Every named element of a workload may be given a description.

tags

Every op template has tags, even if they are auto-assigned from the block and op template names. If you assign explicit tags to an op template, the standard tags are still provided. Thus, it is an error to directly provide a tag named block or name.

bindings

Although bindings are usually defined as workload template level property, they can also be provided directly as an op field property.

op fields

The op property of an op template or ParsedOp is the root of the op fields. This is a map of specific fields specified by the user.

static op fields

Some op fields are simply static values. Since these values are not generated per cycle, they are kept separate as reference data. Knowing which fields are static and which are not makes it possible for developers to optimize op synthesis.

dynamic op fields

Other fields may be specified as recipes, with the actual value to be filled-in once the cycle value is known. All such fields are known as dynamic op fields, and are provided to the op dispenser as a long function, where the input is always the cycle value and the output is a type-specific value as determined by the associated binding recipe.

bind points

This is how dynamic values are indicated. Each bind point in an op template results in some type of procedural generation binding. These can be references to named bindings elsewhere in the workload template, or they can be inline.

capture points

Names of result values to save, and the variable names they are to be saved as. The names represent the name as it would be found in the native driver's API, such as the name userid in select userid from .... In string form statements, users can specify that the userid should be saved as the thread-local variable named userid simply by tagging it like select [userid] from .... They can also specify that this value should be captured under a different name with a variation like select [userid as user_id] from .... This is the standard variable capture syntax for any string-based statement form.

params

A backwards-compatible feature called op params is still available. This is another root property within an op template which can be used to accessorize op fields. By default, any op field which is not explicitly rooted under the op property are put there anyway. This is also true when there is an explicitly params property. However if the op property is provided, then all non-reserved fields are given to the params property instead. If both the op and the param op properties are specified, then no non-reserved op fields are allowed outside of these root values. Thus it is possible to still support params, but it is highly recommended that new driver developers avoid using this field, and instead allow all fields to be automatically anchored under the op property. This keeps configs terse and simple going forward.

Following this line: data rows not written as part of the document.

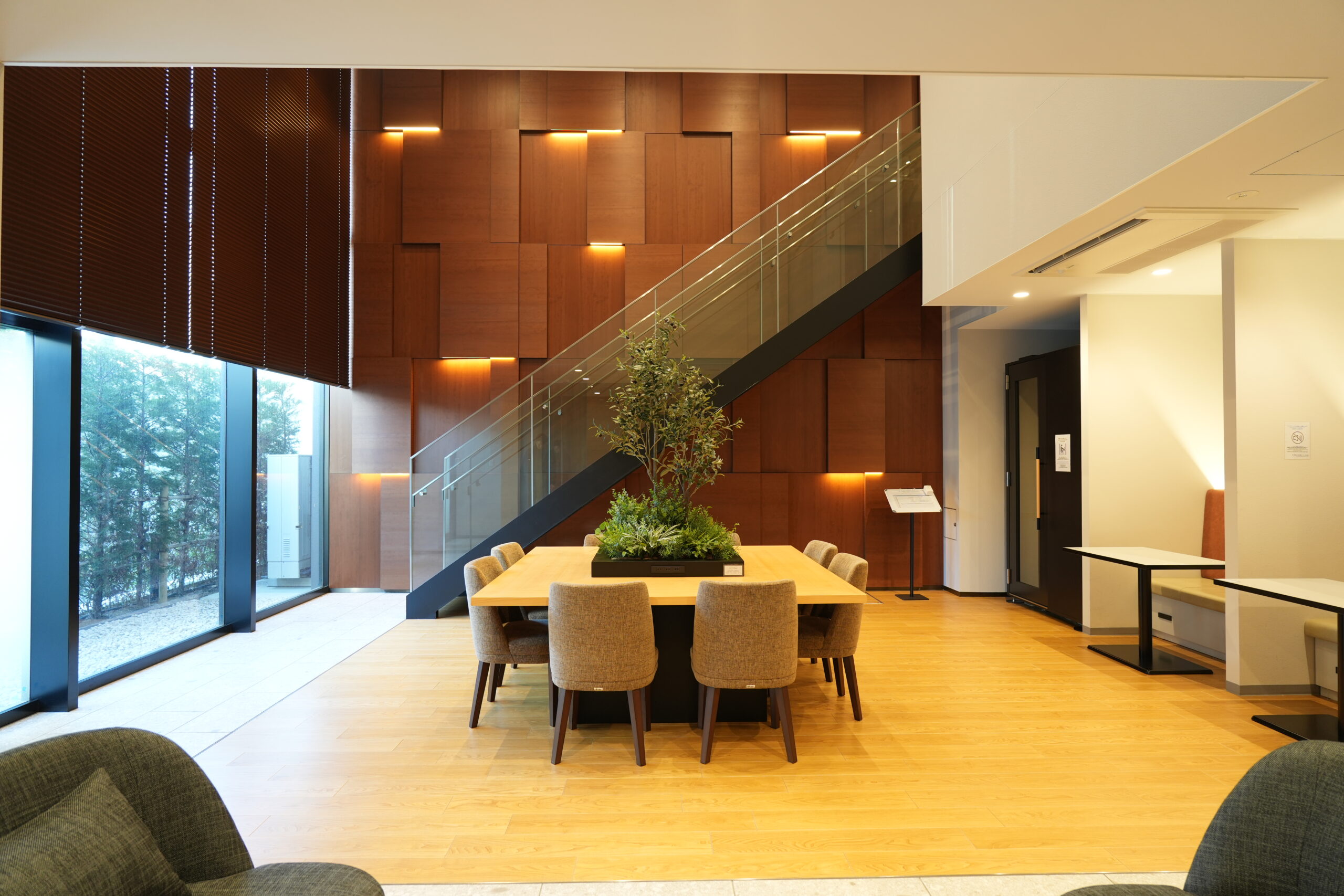 壁面や床とセンターテーブルに国産天然木を使用してバイオフィリックを目指した共用部になっています。また、働き方の多様性に配慮してリモートワークができる2層吹抜のマルチラウンジを設置しています。オンライン会議にも対応できる個室ブースや無人コンビニの「TUKTUK」も設けました。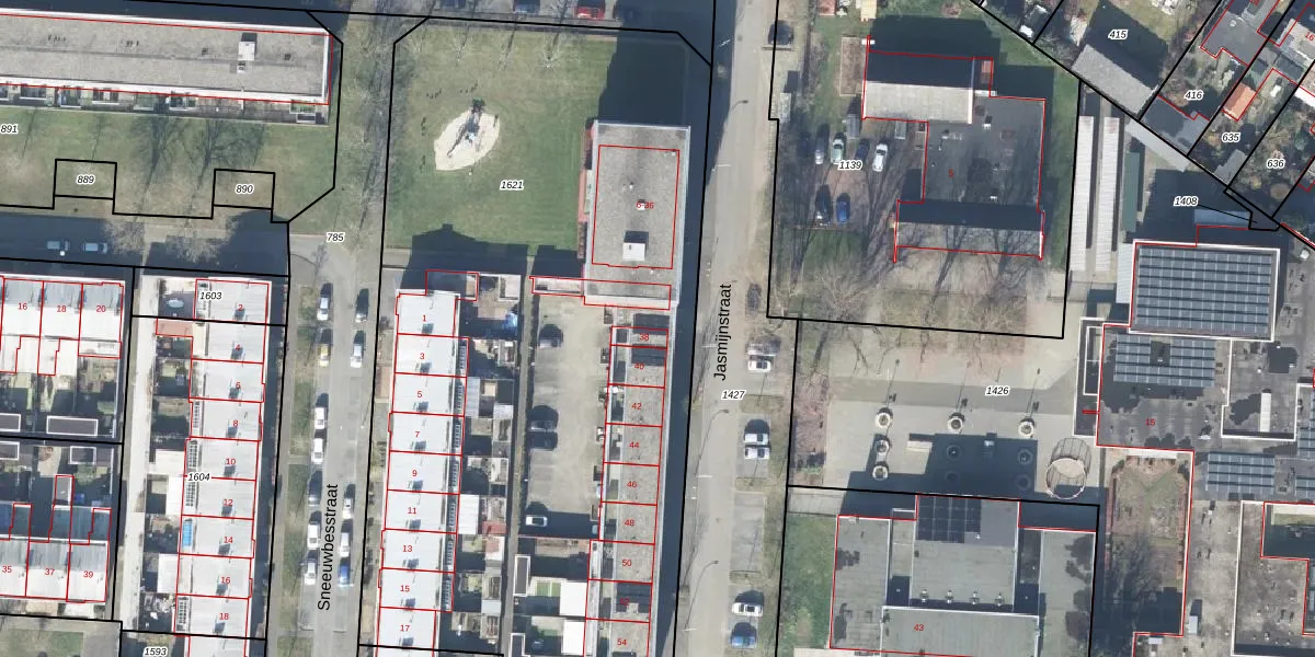 Het perceel waarop Jasmijnstraat 38 staat heeft een oppervlakte van 4855 m². Dit is een zeer groot perceel. De perceeloppervlakte wordt geregistreerd door het Kadaster. Gedetailleerde informatie over de maten van dit perceel kunt u vinden in het rapport Kadastrale kaart met maatvoering van Jasmijnstraat 38.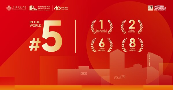 SHANGHAI,Sept. 11,2024 -- On September 9,2024,the Financial Times released the list of Top 100 Masters in Management programs in the world.Antai College of Economics and Management (ACEM) of Shanghai Jiao Tong University (SJTU) ranks 5th in the world and 1st in China,which has been ranked among the top 50 in the world for 16 consecutive years since it first participated in the evaluation in 2009. The sub-indicators of the program are outstanding,with "Employed at three months" ranking 1st,"Salary Percentage Increase" at 2nd,"Careers Service Rank" at 5th,"Careers Progress Rank" at 6th,"Alumni Network rank" at 8th in the world.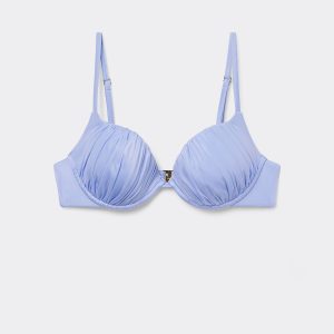 Push-up bikini top with lightly padded cups and underwire to guarantee support and provide volume. The style features a bright fabric with a silky effect. Fixed Shoulder Straps. Rear closure with double adjustment hook.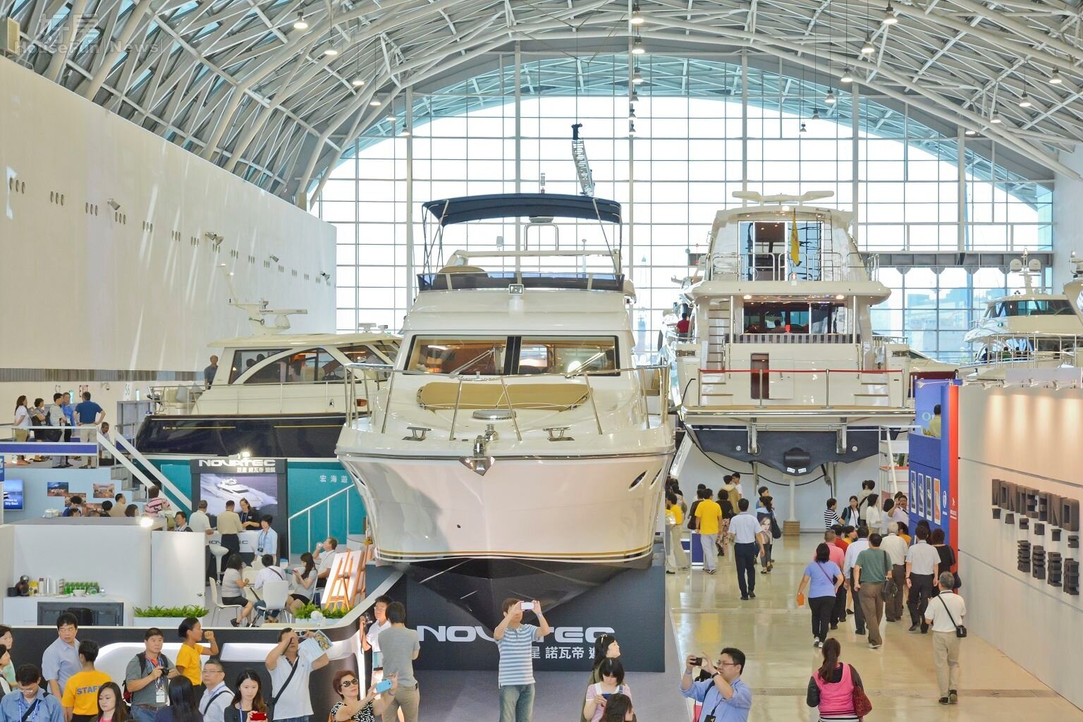 4億「海上豪宅」體驗 展覽期間,在高雄展覽館內可見到40艘各式遊艇、帆船、動力船,參展的有來自瑞典、德國與台灣共27家業者,館內遊艇售價從新台幣3000多萬元至4億元以上皆有,民眾同時可欣賞20艘停放在22號碼頭的遊艇。(文/馮牧群 圖/陳韋帆) 535 下一張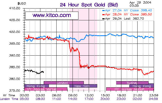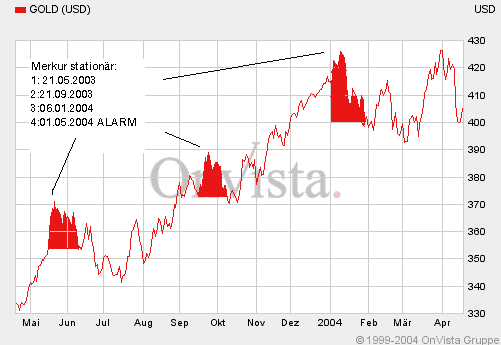 Wenn meine Recherchen richtig sind - und ich gehe fdavon aus das sie es sind, so wird der Goldpreis am 01.Mai 2004 kurzfristig einen Einbruch erleiden. Wie komme ich auf diese Idee??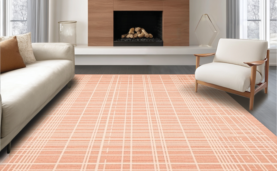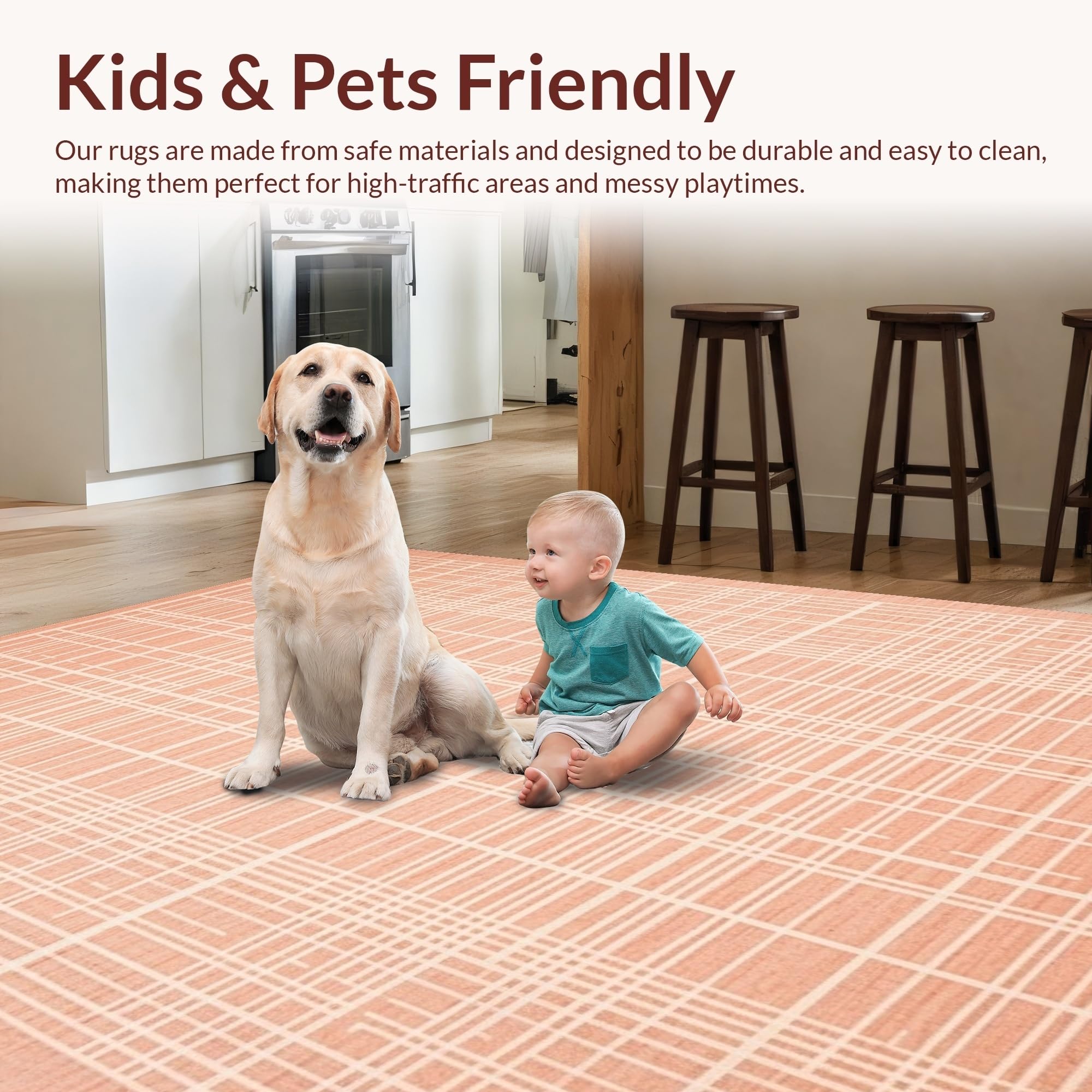Ultra Soft Area Rug, Non Slip, Stain Resistant, Washable Area Rugs for Living Room, Bedroom, Playful Peach Ogee Texture(Beige) Overview: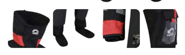 Tiene tejido de 4 capas (quad-ply) que cubre el traje entero, incluso los calcetines, por lo tanto es de mayor calidad, comodidad y durabilidad. Esta se ve incrementada por los sellos de neopreno de Glide skin, su refuerzo de cordura y su cremallera de alta fiabilidad.

Params may not be dynamic.

Mapping Rules

A ParsedOp does not necessarily describe a specific low-level operation to be performed by a native driver. It should do so, but it is up to the user to provide a valid op template according to the documented rules of op construction for that driver type. These rules should be clearly documented by the driver developer as examples in markdown that is required for every driver. With this documentation, users can use nb5 help &lt;driver&gt; to see exactly how to create op templates for a given driver.

String Form

Basic operations are made from a statement in some type of query language:

ops:
  - stringform: select [userid] from db.users where user='{username}';
    bindings:
      username: NumberNameToString()

Reserved op fields

The property names ratio, driver, space, are considered reserved by the NoSQLBench runtime. These are extracted and handled specially by the core runtime.

Base OpDispenser fields

The BaseOpDispenser, which is will be required as the base implementation of any op dispenser going forward, provides cross-cutting functionality. These include start-timers, stop-timers, instrument, and likely will include more as future cross-driver functionality is added. These fields will be considered reserved property names.

Optimization

It should be noted that the op mapping process, where user intentions are mapped from op templates to op dispensers is not something that needs to be done quickly. This occurs at initialization time. Instead, it is more important to focus on user experience factors, such as flexibility, obviousness, robustness, correctness, and so on. Thus, priority of design factors in this part of NB is placed more on clear and purposeful abstractions and less on optimizing for speed. The clarity and detail which is conveyed by this layer to the driver developer will then enable them to focus on building fast and correct op dispensers. These dispensers are also constructed before the workload starts running, but are used at high speed while the workload is running.